Artificial intelligence is increasingly being put to work automating certain operations as IT systems become more complex.

Joao-Pierre S. Ruth, Senior Writer

June 17, 2019

4 Min Read
Jean-Francois Huard, AppDynamics

Yet another aspect of systems management is getting the artificial intelligence makeover. According to some industry experts from AppDynamics and Moogsoft, more vendors are picking up on AIOps, artificial intelligence for IT operations, as IT systems become more intricate. The idea is to use automation to enhance human cognitive capabilities and cut down the time it takes to find solutions to performance problems.

The need for such assistance stems from the rise in complexity that developed as a tradeoff as IT systems became more agile, says Will Cappelli, global vice-president of product strategy at Moogsoft. The company is a developer of an AI platform for IT operations. Cappelli is also working with the AIOps Exchange to help define what AIOps is and how it can help in the increasingly noisy IT world. “There is too much going on for the naked human intellect to deal with,” Cappelli says.

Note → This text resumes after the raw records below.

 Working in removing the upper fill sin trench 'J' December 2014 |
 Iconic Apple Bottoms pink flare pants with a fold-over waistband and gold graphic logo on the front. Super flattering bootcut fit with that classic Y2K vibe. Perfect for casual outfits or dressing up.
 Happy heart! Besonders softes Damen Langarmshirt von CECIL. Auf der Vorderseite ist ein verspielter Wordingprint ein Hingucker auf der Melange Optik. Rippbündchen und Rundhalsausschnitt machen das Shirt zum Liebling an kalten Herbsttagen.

This can be seen especially, he says, in the amount of data generated by complex systems: data that IT teams must analyze to assess performance issues, anticipate incidents, and for other tasks. “A lot of data that comes in is either redundant or noisy data,” Cappelli says. Before algorithms can be applied to data, it is necessary to determine which data is important.

Why AIOps matters now

There is a burning need to address the mountains of data that continue to grow, which fuels the race to introduce AIOps within organizations. “AIOps is everywhere,” Cappelli says.

In some respects, AI has already been part of IT operations management since the late 1980s: “There were massive investments in AI software and hardware at the time. A lot of that fell apart at the end of the Cold War,” Cappelli says. Those efforts eventually led to the fledgling distributed systems management software market, he says. That in turn led to help desk software from such sources as Peregrine Systems, CA’s service management technology, and BMC’s Remedy, he adds.

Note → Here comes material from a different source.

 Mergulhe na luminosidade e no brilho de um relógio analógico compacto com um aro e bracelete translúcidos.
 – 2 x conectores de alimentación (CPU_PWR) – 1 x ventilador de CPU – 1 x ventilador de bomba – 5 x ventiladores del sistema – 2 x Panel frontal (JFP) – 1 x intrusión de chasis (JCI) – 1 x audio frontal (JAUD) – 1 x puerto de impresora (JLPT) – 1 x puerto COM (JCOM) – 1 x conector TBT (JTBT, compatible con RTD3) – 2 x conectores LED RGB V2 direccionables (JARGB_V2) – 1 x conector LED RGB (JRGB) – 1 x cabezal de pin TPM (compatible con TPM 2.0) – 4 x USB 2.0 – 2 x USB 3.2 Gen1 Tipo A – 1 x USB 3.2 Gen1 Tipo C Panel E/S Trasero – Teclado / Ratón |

AIOps is not yet a mainstream standard for IT operations management, he says, but the momentum seems to be there to change that. Cappelli says $2.5 billion worldwide was expected to be spent in 2018 on AIOps software and databases used to feed to the software. “That represented a growth rate of 25% over the previous year,” he says.

AIOps trend just getting started

Prior to joining Moogsoft, Cappelli was vice president of research at Gartner where he tracked the evolution of AIOps. He compares the spend on AIOps to spend on other subareas in IT operations management software. For example, the application performance management software market clocks in around $3.8 billion spent annually, he says. Network performance monitoring sees about $2 billion based on his estimates.

Naturally the spend on AIOps could ramp up as it sees more adoption. “It’s expected to reach $11 billion in the next four years, by 2023,” says Jean-Francois Huard, CTO for data science at AppDynamics applications performance management and analytics company. “That represents a quarter of the IT ops budget.”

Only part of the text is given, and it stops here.